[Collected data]
+ + + + +
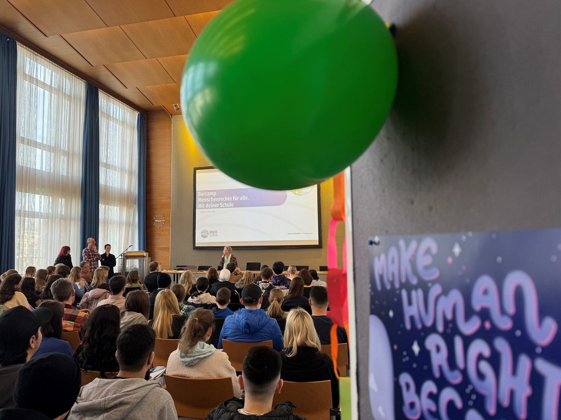 Ein Bar-Camp wird auch als "Unkonferenz" beschrieben und zeichnet sich durch offene Workshops aus, deren Inhalt und Ablauf von den Teilnehmenden selbst bestimmt und erarbeitet werden. Die Veranstaltung wurde vom Arbeitskreis Demokratie- und Menschenrechtsbildung Kreis Düren organisiert. Die Jugendlichen tauschten sich rund drei Stunden zu verschiedenen Themen aus und erarbeiteten Ideen, wie beispielsweise das Thema Menschenrechte in Schule verankert werden kann und welche Unterstützung sie sich hierfür wünschen. Im Vordergrund stand auch, dass sich die Schülerinnen und Schüler untereinander vernetzen. Umso erfreulicher war es, dass viele verschiedene Schulformen wie Förder-, Real- und Gesamtschulen sowie Berufskollegs und Gymnasien vertreten waren. Der Jugendliche Lukas Pazzini, der bereits an Bar-Camps des Kreises Düren teilgenommen hat, betonte zuvor in einem kurzen Vortrag die Wichtigkeit des Rechts auf Bildung und welche Rolle die Schule dabei spielen sollte. "Schule ist mehr als Unterricht, sie ist ein Bildungsraum, den wir mitgestalten können."
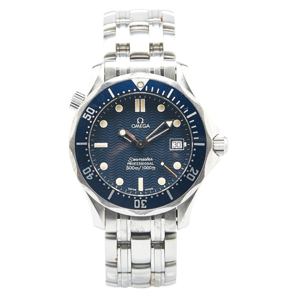 Pre-Owned OMEGA Seamaster Watch 2561.80 Quartz Navy Dial Stainless Steel Ladies
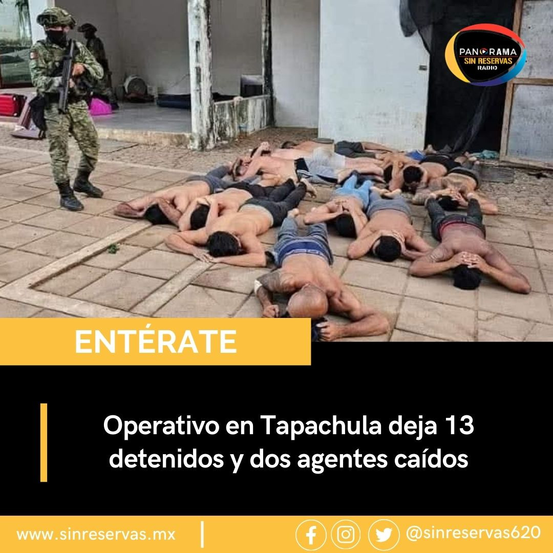Un operativo conjunto en Tapachula, Chiapas, resultó en la detención de 13 presuntos integrantes de una banda delictiva, con el aseguramiento de 16 armas largas y otros materiales. Lamentablemente, dos elementos de seguridad, un cabo de la SEDENA y un agente de la PDI, perdieron la vida durante el enfrentamiento.
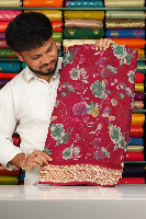 Georgette Floral Digital Print Arani Border Bright Magenta Pink Saree
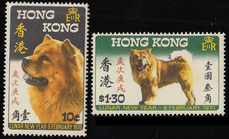 1970 Scott 253-254 10c and $1.30 1970 Lunar New Year Year of the Dog. Mint never hinged. ( Inv #: HKG0253S2) (Image)
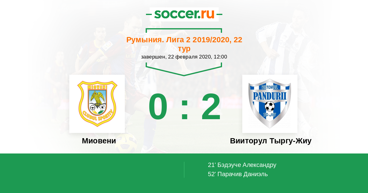 Протокол матча Миовени против Вииторул Тыргу-Жиу
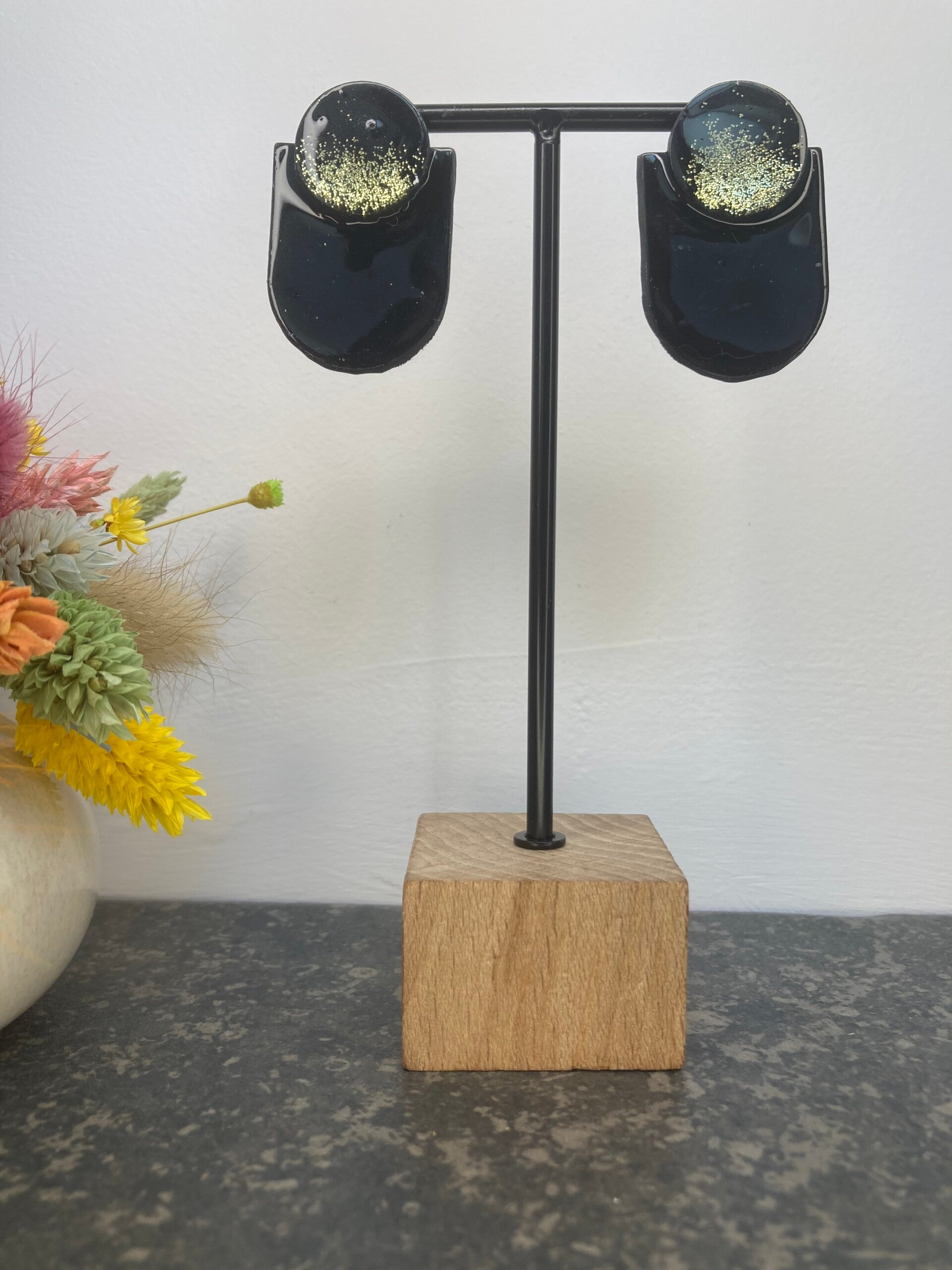 Maak een statement met deze zwarte afgeronde oorbellen, verfraaid met subtiele gouden glinsters die je look een luxe en verfijnde uitstraling geven. Het strakke, moderne ontwerp wordt perfect gecombineerd met de speelse gouden accenten, die een vleugje glamour toevoegen zonder te overdrijven. Of je nu een chique avond uit hebt of je dagelijkse stijl wilt upgraden, deze oorbellen zijn de ideale keuze. Ze brengen een verfijnde balans tussen elegantie en een beetje sprankeling, zodat je altijd de show steelt, waar je ook bent!
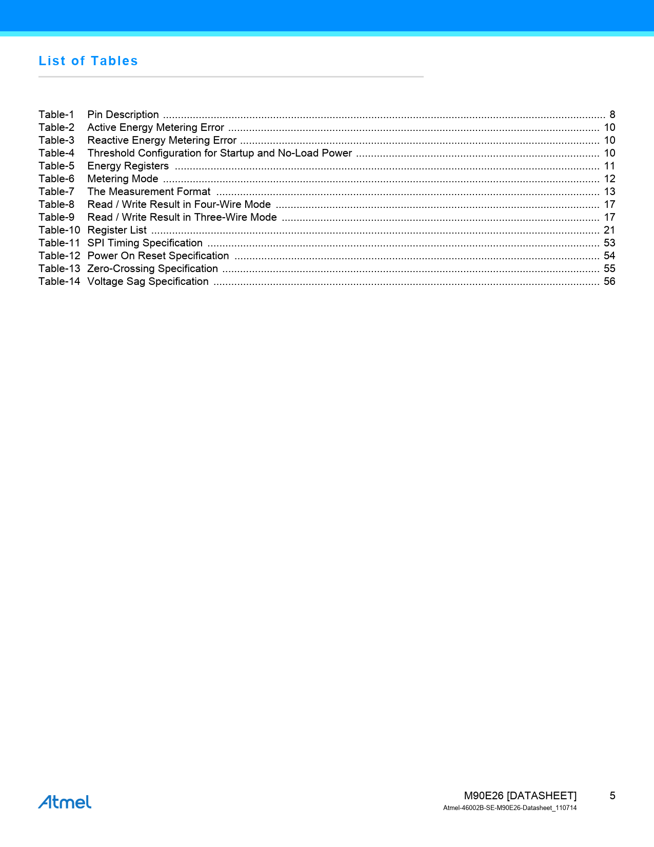 Table-1 Pin Description ... 8 Table-2 Active Energy Metering Error ... 10 Table-3 Reactive Energy Metering Error ... 10 Table-4 Threshold Configuration for Startup and No-Load Power .. 10 Table-5 Energy Registers ... 11 Table-6 Metering Mode ... 12 Table-7 The Measurement Format ... 13 Table-8 Read / Write Result in Four-Wire Mode ... 17 Table-9 Read / Write Result in Three-Wire Mode ... 17 Table-10 Register List ... 21 Table-11 SPI Timing Specification .. 53 Table-12 Power On Reset Specification ... 54 Table-13 Zero-Crossing Specification ... 55 Table-14 Voltage Sag Specification .. 56 M90E26 [DATASHEET] 5 Atmel-46002B-SE-M90E26-Datasheet_110714 Document Outline Features Application Description Block Diagram 1 Pin Assignment 2 Pin Description 3 Functional Description 3.1 Dynamic Metering Range 3.2 Startup and No-Load Power 3.3 Energy Registers 3.4 N Line Metering and Anti-Tampering 3.4.1 Metering Mode and L/N Line Current Sampling Gain Configuration 3.4.2 Anti-Tampering Mode Threshold Compare Method Special Treatment at Low Power 3.5 Measurement and Zero-Crossing 3.5.1 Measurement 3.5.2 Zero-Crossing 3.6 Calibration 3.7 Reset 4 Interface 4.1 SPI Interface 4.1.1 Four-Wire Mode Read Sequence Write Sequence 4.1.2 Three-Wire Mode 4.1.3 Timeout and Protection 4.2 UART Interface 4.2.1 Byte Level Timing 4.2.2 Write Transaction 4.2.3 Read transaction 4.2.4 Checksum 4.3 WarnOut Pin for Fatal Error Warning 4.4 Low Cost Implementation in Isolation with MCU 5 Register 5.1 Register List 5.2 Status and Special Register SoftReset Software Reset SysStatus System Status FuncEn Function Enable SagTh Voltage Sag Threshold SmallPMod Small-Power Mode LastData Last Read/Write SPI/UART Value 5.3 Metering/ Measurement Calibration and Configuration 5.3.1 Metering Calibration and Configuration Register LSB RMS/Power 16-bit LSB CalStart Calibration Start Command PLconstH High Word of PL_Constant PLconstL Low Word of PL_Constant Lgain L Line Calibration Gain Lphi L Line Calibration Angle Ngain N Line Calibration Gain Nphi N Line Calibration Angle PStartTh Active Startup Power Threshold PNolTh Active No-Load Power Threshold QStartTh Reactive Startup Power Threshold QNolTh Reactive No-Load Power Threshold MMode Metering Mode Configuration CS1 Checksum 1 5.3.2 Measurement Calibration Register AdjStart Measurement Calibration Start Command Ugain Voltage rms Gain IgainL L Line Current rms Gain IgainN N Line Current rms Gain Uoffset Voltage Offset IoffsetL L Line Current Offset IoffsetN N Line Current Offset PoffsetL L Line Active Power Offset QoffsetL L Line Reactive Power Offset PoffsetN N Line Active Power Offset QoffsetN N Line Reactive Power Offset CS2 Checksum 2 5.4 Energy Register Theory of Energy Registers APenergy Forward Active Energy ANenergy Reverse Active Energy ATenergy Absolute Active Energy RPenergy Forward (Inductive) Reactive Energy RNenergy Reverse (Capacitive) Reactive Energy RTenergy Absolute Reactive Energy EnStatus Metering Status 5.5 Measurement Register Irms L Line Current rms Urms Voltage rms Pmean L Line Mean Active Power Qmean L Line Mean Reactive Power Freq Voltage Frequency PowerF L Line Power Factor Pangle Phase Angle between Voltage and L Line Current Smean L Line Mean Apparent Power Irms2 N Line Current rms Pmean2 N Line Mean Active Power Qmean2 N Line Mean Reactive Power PowerF2 N Line Power Factor Pangle2 Phase Angle between Voltage and N Line Current Smean2 N Line Mean Apparent Power 6 Electrical Specification 6.1 Electrical Specification 6.2 SPI Interface Timing 6.3 Power On Reset Timing 6.4 Zero-Crossing Timing 6.5 Voltage Sag Timing 6.6 Pulse Output 6.7 Absolute Maximum Rating Ordering Information Packaging Drawings Revision History
+ + + + +
• TASK GOAL:
All that should appear in the answer is the lines above from the line with "Georgette Floral Digital" through the line with "Maak een statement", retyped exactly, pictures left out.

• EXPECTED OUTPUT:
 Georgette Floral Digital Print Arani Border Bright Magenta Pink Saree
 1970 Scott 253-254 10c and $1.30 1970 Lunar New Year Year of the Dog. Mint never hinged. ( Inv #: HKG0253S2) (Image)
 Протокол матча Миовени против Вииторул Тыргу-Жиу
 Maak een statement met deze zwarte afgeronde oorbellen, verfraaid met subtiele gouden glinsters die je look een luxe en verfijnde uitstraling geven. Het strakke, moderne ontwerp wordt perfect gecombineerd met de speelse gouden accenten, die een vleugje glamour toevoegen zonder te overdrijven. Of je nu een chique avond uit hebt of je dagelijkse stijl wilt upgraden, deze oorbellen zijn de ideale keuze. Ze brengen een verfijnde balans tussen elegantie en een beetje sprankeling, zodat je altijd de show steelt, waar je ook bent!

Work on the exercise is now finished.